Mashable has a nice rundown of some of the best Firefox add-ons. Now seems as good a time as any to revisit the age-old question of which of the features available today with add-ons (not necessarily the whole add-on, but a feature or capability offered,) should be incorporated into the mainline Firefox distribution.
Now, as usual, I'm on the side of less is more and think we're actually just about right where we are today with features. For those of you afraid of bloat, feel free to recommend a feature cut or removal to make room for something new.
I'll start off. My changes are assuming the bulk of the Firefox 3 PRD is implemented.
I would cut the remaining Web developer tools and make them optional at install-time or part of an alternate Firefox version. This would include Page Source, much of Page Info, and the Error Console. I'd pull DOM Inspector completely and make it an extension for XUL developers. I'd also whack the Page Style feature, Themes, the Character Encoding menus for en-US releases, and the current Work Offline feature. I'd pull the Creative Commons search service.
Having freed up some featurespace, I'd drop "Personas" into the spot formerly occupied by Themes. A personas-like feature would make Themes a lot more popular and easier to use. I'd add Text Area Resizer without a second thought. I'd replace DOM Inspector in the optional install-time developer pack with Firebug. DOM Inspector's a solid XUL developer tool, but Firebug is the tool for Web developers -- a much larger and more important audience.

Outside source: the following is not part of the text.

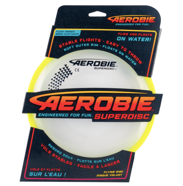 Zorg voor indrukwekkende worpen elke keer met de Aerobie Superdisc! Deze hoogvliegende disc heeft een dun ontwerp met een lage profiel en een spoiler rand voor langere, nauwkeurigere vluchten!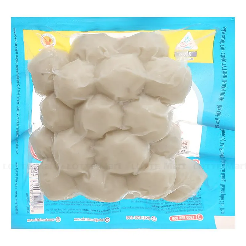 Thành phần: Thịt cá basa 60%, surimi thịt cá lạc 35%, tinh bột khoai tây, đạm đậu nành, tinh bột bắp biến tính , bột lòng trắng trứng, gelatin , hành tím, tỏi, muối, đường, bột nêm, chất điều vị (E621), chất bảo quản (E200, E202), chất nhũ hóa (E450i, E451i, E452i).

I'd add a light-weight version of Ad Block Plus with a default well-owned and maintained filter list subscription. The subscription would an option within the feature. I'd add a simple Video Download feature, though probably not the existing extension. Users should be able to save anything they see on a page, whether it's an image, a video, or a hunk of text. I'd include something like Link Alert or Target Alert so that people would have more information on the link they're about to click.
That's about it. So, what features from add-ons would you like to see adopted in Firefox?